W jaki sposób wpłynie to na dochody j.s.t.?

–  W tej chwili z  PIT samorządy dostają 30,7 mld zł rocznie – informuje Agata Dąmbska. – Jeżeli to zastąpimy lokalnym PIT, to otrzymają 37 mld zł, czyli więcej – wyjaśnia.

Ale trzeba pamiętać o tym, żeby ten lokalny PIT był neutralny dla budżetu państwa – bo inaczej żaden minister finansów się nie zgodzi na jego wprowadzenie; musi być odpowiednio zmniejszona subwencja wyrównawcza i wszystkie redystrybucje państwowe. W konsekwencji PIT komunalny nie będzie miał znacznego wpływu na ogół dochodów j.s.t.
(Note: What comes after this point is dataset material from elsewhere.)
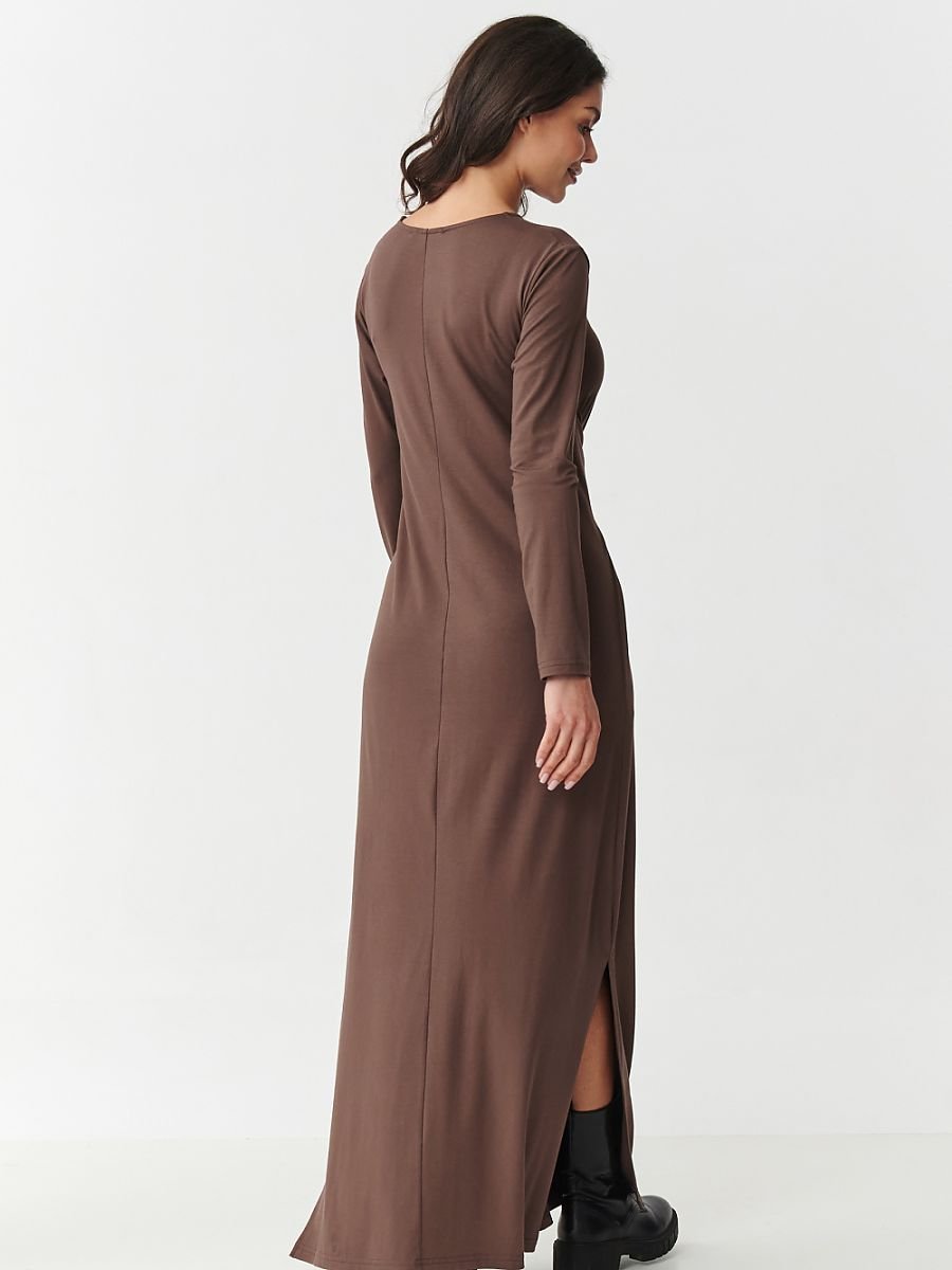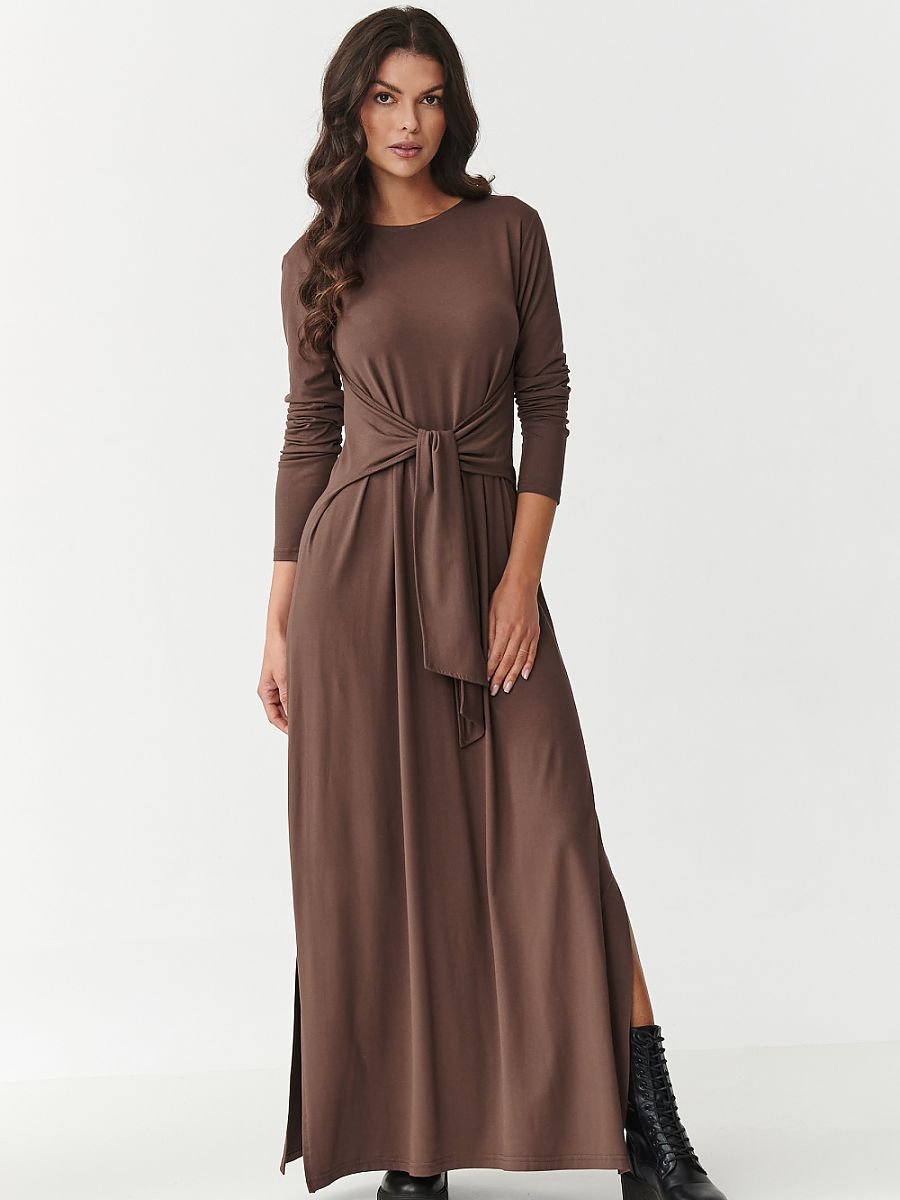 Sukienka maxi z wiskozy to połączenie wygody i ponadczasowej elegancji. Miękki, oddychający materiał sprawia, że nosi się ją wyjątkowo komfortowo przez cały dzień, a długie rękawy i efektowne wiązanie w talii pięknie podkreślają sylwetkę. Okrągły dekolt pasuje do każdego typu sylwetki i stylu. Subtelne rozcięcia po bokach nadają całości lekkości i kobiecego charakteru, jednocześnie zapewniając swobodę ruchów. To model, który doskonale sprawdzi się zarówno na co dzień, do pracy, jak i na spotkania w gronie znajomych. Wystarczy zmienić dodatki, aby nadać stylizacji bardziej casualowego albo eleganckiego charakteru. Dzięki klasycznym kolorom, antracytowym, czarnym, bordowym, khaki i czekoladowym łatwo dopasujesz ją do swojej garderoby i stworzysz wiele wyjątkowych zestawów. Sukienka maxi z wiązaniem w talii to propozycja, która łączy nowoczesny wygląd, wygodę i uniwersalność. Świetnie prezentuje się zarówno z botkami i ramoneską, jak i w duecie z eleganckimi szpilkami czy sportowymi sneakersami.

Natomiast to, co będzie wartością, to władztwo podatkowe przyznane samorządom.

– W Skandynawii samorządy mogą regulować stawki podatkowe w obrębie 2–3 punktów procentowych – mówi Agata Dąmbska. – Zakładamy, że w Polsce będzie podobnie. To nie jest dużo, bo w polskich warunkach mówimy o kwotach 70–100 zł, ale zawsze jest to jakiś rodzaj regulacji – wyjaśnia.

I jeszcze jedno wyjaśnienie. Forum Od-nowa konsekwentnie opowiada się za likwidacją powiatów, których miejsce powinny zająć duże, co najmniej 20-tysięczne, gminy.

– Jeżeli chodzi o województwa, to – po pierwsze – ludzie się z nimi kompletnie nie identyfikują, a po drugie – w ogóle nie wiadomo, jaka będzie rola województw po perspektywie finansowej 2014– 2020. Być może trzeba będzie zasadniczo zredefiniować ich rolę, w związku z czym województwami ani powiatami się nie zajmujemy – mówi Dąmbska. – Dlatego zakładamy, że lokalny PIT powinien być wyłącznie dochodem gmin – podkreśla.

Pozostaje jeszcze do omówienia kwestia, jaki wpływ na podatnika będzie miał ten nowy PIT?

– Po pierwsze, podatnik zobaczy, ile pieniędzy przekazuje na swoją gminę, co zwiąże go bardziej ze wspólnotą lokalną. Jeżeli człowiek widzi, że daje na coś pieniądze, to oczekuje  jakiegoś rodzaju usług, a poza tym włącza się bardziej w działania społeczności. To jest ta druga bardzo ważna rzecz – wylicza Agata Dąmbska  i podkreśla bardzo niski poziom partycypacji społecznej w sprawach publicznych.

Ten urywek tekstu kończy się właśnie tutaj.